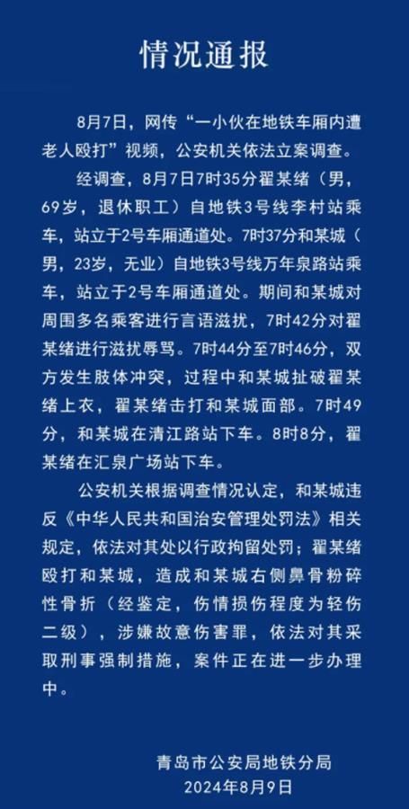 据“青岛地铁公安”微信公众号消息,8月9日,青岛市公安局地铁分局发布情况通报,8月7日,网传“一小伙在地铁车厢内遭老人殴打”视频,公安机关依法立案调查。经调查,23岁的男子和某城曾对69岁的男子翟某绪滋扰辱骂,随后双方发生肢体冲突。(据8月9日央视网报道)
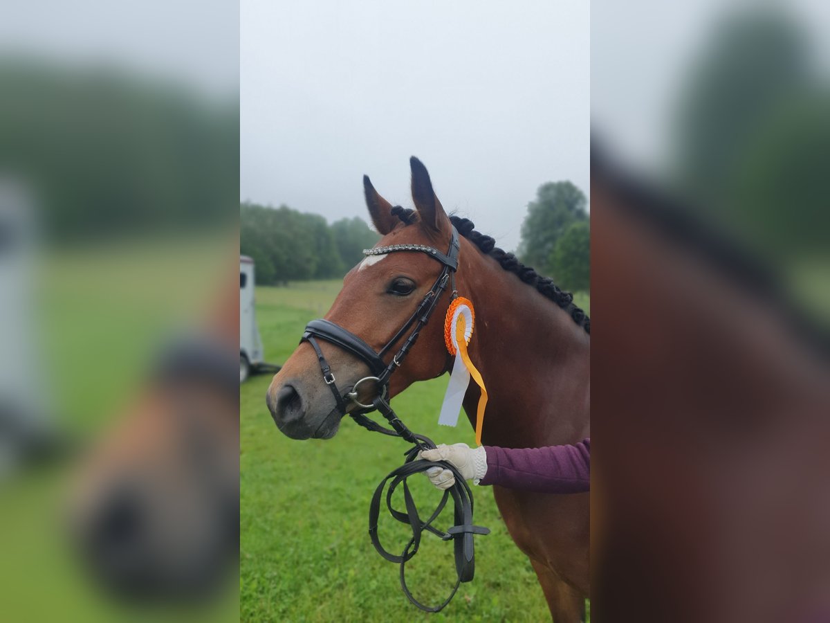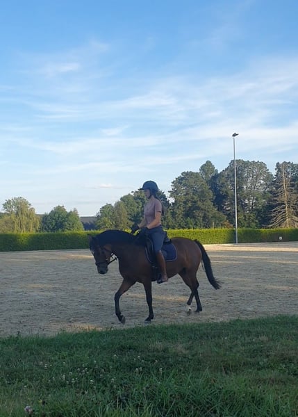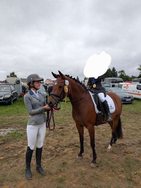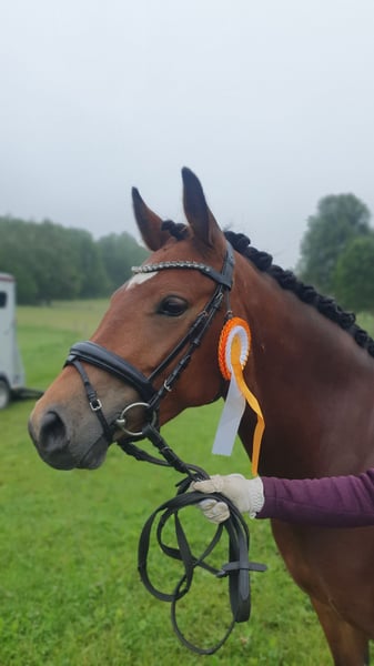 "Very Sweet" Zum Verkauf steht eine wunderschöne deutsche Reitpony-Stute, geboren im Jahr 2020. Mit ihren 1,40 m deckt sie den Reiter dennoch gut ab. Die Stute ist ideal für die Freizeitgestaltung und begeistert durch ihr freundliches Wesen und ihre angenehme Art. Sie konnte sie in der Dressurpferde A und in der A Dressur platzieren. Führzügel WB ist sie auch schon gegangen. Sweet geht allein oder in der Gruppe ins Gelände. Dabei zeigt sie sich immer aufgeschlossen und händelbar. Auch von Kindern! Stangen und ein kleines Cavaletti kennt sie, ist aber nicht weiter gefördert worden. Sonstiges: Verladefrom Geht Barhuf Verbandsprämien Stute Entnote 7,5 Bei Interesse oder für weitere Informationen stehe ich gerne zur Verfügung.
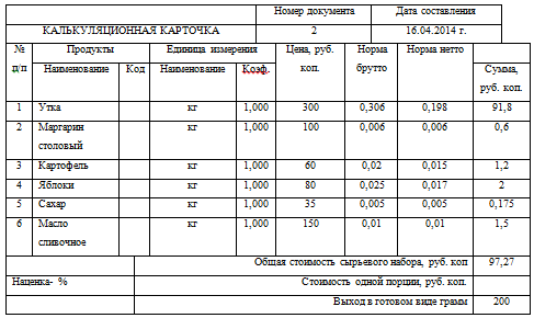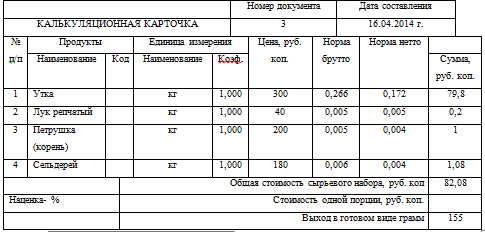 3.2 Расчет стоимости блюд (калькуляция блюд)
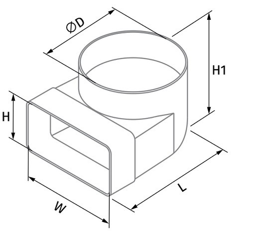 Kunststof lepelhoek voor kanaal 220 x 90mm naar Ø 125mm
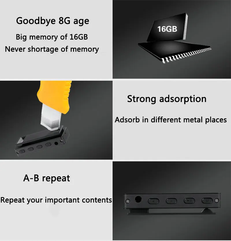 9. Обнаружение низкого заряда батареи и автоматическое Сохранение файла записи перед выключением питания.
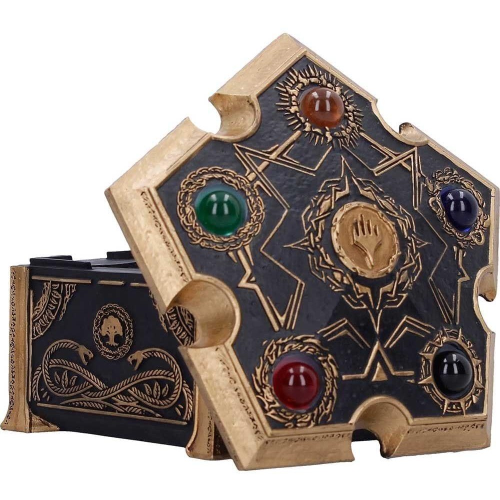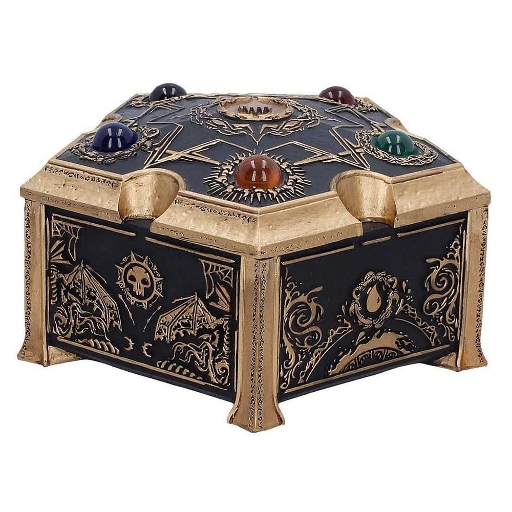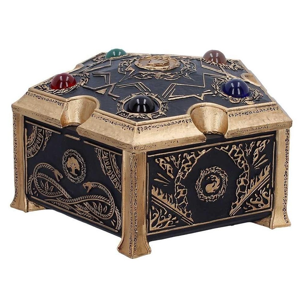 Úložný box v pentagonálním tvaru s pěticí barevných drahokamů, které představují pět různých druhů many z populární karetní hry Magic: The Gathering - skvělý strážce pro tvé poklady! Ručně malovanou krabičku zdobí spletité černé a zlaté detaily a má odnímatelné víko.

● **Your goal**: Go back to the entries above and restate word for word every line from the first through the one that contains "9. Обнаружение низкого", leaving the pictures behind.

● **Output of the task**:
 据“青岛地铁公安”微信公众号消息,8月9日,青岛市公安局地铁分局发布情况通报,8月7日,网传“一小伙在地铁车厢内遭老人殴打”视频,公安机关依法立案调查。经调查,23岁的男子和某城曾对69岁的男子翟某绪滋扰辱骂,随后双方发生肢体冲突。(据8月9日央视网报道)
 "Very Sweet" Zum Verkauf steht eine wunderschöne deutsche Reitpony-Stute, geboren im Jahr 2020. Mit ihren 1,40 m deckt sie den Reiter dennoch gut ab. Die Stute ist ideal für die Freizeitgestaltung und begeistert durch ihr freundliches Wesen und ihre angenehme Art. Sie konnte sie in der Dressurpferde A und in der A Dressur platzieren. Führzügel WB ist sie auch schon gegangen. Sweet geht allein oder in der Gruppe ins Gelände. Dabei zeigt sie sich immer aufgeschlossen und händelbar. Auch von Kindern! Stangen und ein kleines Cavaletti kennt sie, ist aber nicht weiter gefördert worden. Sonstiges: Verladefrom Geht Barhuf Verbandsprämien Stute Entnote 7,5 Bei Interesse oder für weitere Informationen stehe ich gerne zur Verfügung.
 3.2 Расчет стоимости блюд (калькуляция блюд)
 Kunststof lepelhoek voor kanaal 220 x 90mm naar Ø 125mm
 9. Обнаружение низкого заряда батареи и автоматическое Сохранение файла записи перед выключением питания.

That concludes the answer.